▶ [Dataset entries]
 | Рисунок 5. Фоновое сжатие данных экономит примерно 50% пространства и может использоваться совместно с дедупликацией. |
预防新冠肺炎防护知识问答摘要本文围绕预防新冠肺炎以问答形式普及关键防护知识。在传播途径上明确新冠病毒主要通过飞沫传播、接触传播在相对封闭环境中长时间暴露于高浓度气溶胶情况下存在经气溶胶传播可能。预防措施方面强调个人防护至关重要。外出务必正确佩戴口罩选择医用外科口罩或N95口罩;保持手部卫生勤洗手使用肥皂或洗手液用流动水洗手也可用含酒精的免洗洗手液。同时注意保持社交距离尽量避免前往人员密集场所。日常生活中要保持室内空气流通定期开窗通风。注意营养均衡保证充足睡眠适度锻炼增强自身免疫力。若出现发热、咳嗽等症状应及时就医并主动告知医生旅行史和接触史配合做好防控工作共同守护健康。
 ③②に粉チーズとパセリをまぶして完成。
--
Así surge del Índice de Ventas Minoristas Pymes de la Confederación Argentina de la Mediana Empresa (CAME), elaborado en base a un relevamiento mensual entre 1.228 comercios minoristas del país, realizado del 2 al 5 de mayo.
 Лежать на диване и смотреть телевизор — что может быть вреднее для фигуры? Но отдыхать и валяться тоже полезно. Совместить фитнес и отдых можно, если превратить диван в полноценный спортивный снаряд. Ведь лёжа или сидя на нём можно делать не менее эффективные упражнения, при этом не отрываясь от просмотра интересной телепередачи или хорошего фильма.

▶ [Your assignment]
Will you return exactly the lines above from the one with "с дедупликацией. |" down to the one with "③②に粉チーズとパセリをまぶして完成。", counting both as part of the range?

▶ [Exercise response]
 | Рисунок 5. Фоновое сжатие данных экономит примерно 50% пространства и может использоваться совместно с дедупликацией. |
预防新冠肺炎防护知识问答摘要本文围绕预防新冠肺炎以问答形式普及关键防护知识。在传播途径上明确新冠病毒主要通过飞沫传播、接触传播在相对封闭环境中长时间暴露于高浓度气溶胶情况下存在经气溶胶传播可能。预防措施方面强调个人防护至关重要。外出务必正确佩戴口罩选择医用外科口罩或N95口罩;保持手部卫生勤洗手使用肥皂或洗手液用流动水洗手也可用含酒精的免洗洗手液。同时注意保持社交距离尽量避免前往人员密集场所。日常生活中要保持室内空气流通定期开窗通风。注意营养均衡保证充足睡眠适度锻炼增强自身免疫力。若出现发热、咳嗽等症状应及时就医并主动告知医生旅行史和接触史配合做好防控工作共同守护健康。
 ③②に粉チーズとパセリをまぶして完成。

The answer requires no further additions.